In den beiden ersten Kapiteln umreißt Bourdieu seine Theorie des sozialen Raums und widmet sich kurz dem Beitrag, den das Bildungssystem zur Aufrechterhaltung und Legitimation der Klassenstrukturen moderner Gesellschaften leistet. Diese Ausführungen sind jedoch so skizzenhaft geraten, daß sie alle, die mit Bourdieus Theorie wenig vertraut sind, eher ratlos zurücklassen werden.
Auch das folgende Kapitel enthält wenig Neues. Bourdieu begnügt sich hier im wesentlichen damit, seine Kunstsoziologie zu skizzieren und seine Grundannahrne zu erläutern, daß Kunstwerke nur verstanden werden können, wenn die materiellen und symbolischen Kräfte- und Machtverhältnisse rekonstruiert werden, innerhalb welcher sie erzeugt worden sind.

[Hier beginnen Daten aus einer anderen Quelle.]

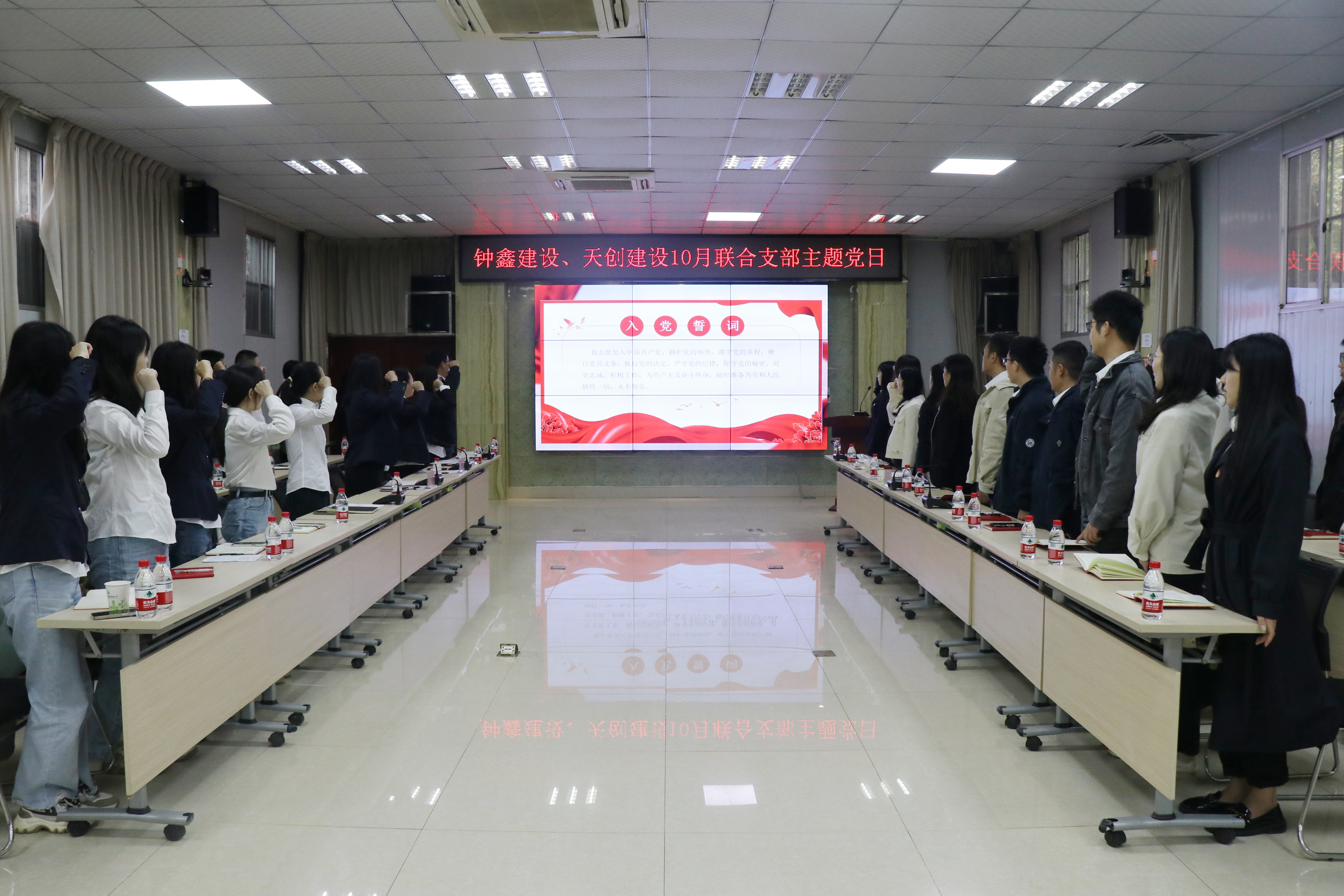 活動(dòng)伊始,鐘鑫建設(shè)黨員代表劉成同志領(lǐng)誓,黨員們現(xiàn)場(chǎng)肅立、高舉右拳,在擲地有聲的誓詞中回望入黨初心。

Sehr viel ergiebiger ist das 4. Kapitel, das die Genese, die innere Logik und die ungeheure Definitionsmacht des modernen Staates behandelt. Auch hierüber hat sich Bourdieu schon früher geäußert, jedoch in Aufsätzen, die schwer zugänglich und größtenteils noch nicht ins Deutsche übersetzt worden sind. Außerdem gehört der "Familiensinn" überschriebene Zusatz zum Erhellendsten, was Bourdieu in den letzten Jahren geschrieben hat. Bourdieu analysiert hier die Institution Familie, ein Gegenstand, den er bisher völlig vernachlässigt hat. Er gelangt zu dem Resultat, daß die Familie ein künstlich erzeugtes soziales Gebilde ist, das ähnlich wie eine vorkapitalistische Ökonomie funktioniert. Die Familie wird durch Akte des Gabentausches zusammengehalten, Akte, durch die alle Herrschaftsbeziehungen in verklärte Gefühlsbeziehungen verwandelt werden. Und die Herrschaftsbeziehungen innerhalb der Familie basieren auf der unterschiedlichen Kapitalausstattung der einzelnen Familienmitglieder: ihrem jeweiligen Einkommensniveau, ihrem Bildungsgrad, ihrem sozialen Status, ihrem Beziehungsnetz.
Die Logik des Gabentauschs und die ihm zugrundeliegenden symbolischen Interessen bilden den Gegenstand der beiden folgenden Kapitel. Wer sich näher mit den Unterschieden zwischen dem Gabentausch und dem geldvermittelten Äquivalententausch befassen will, ist mit dieser allgemeinverständlichen Darstellung gut bedient.
Das Buch endet mit der Analyse der besonderen Irrtümer, die der, wie Bourdieu es nennt, "scholastischen Sichtweise" entspringen. Womit die irrtümlichen Auffassungen von Praxis gemeint sind, die die akademische Welt hervorbringt, weil sie von materiellen und zeitlichen Zwängen weitgehend entlastet ist.
Alles in allem genommen weist das Buch "Praktische Vernunft" etwa ebenso viel Mängel wie Vorzüge auf. Es ist ihm durchaus anzumerken, daß es aus der Montage unabhängig voneinander entstandener Texte hervorgegangen ist. Es behandelt zu viele Gegenstände auf zu wenig Raum, und die Zahl neuer Gedanken hält sich in Grenzen.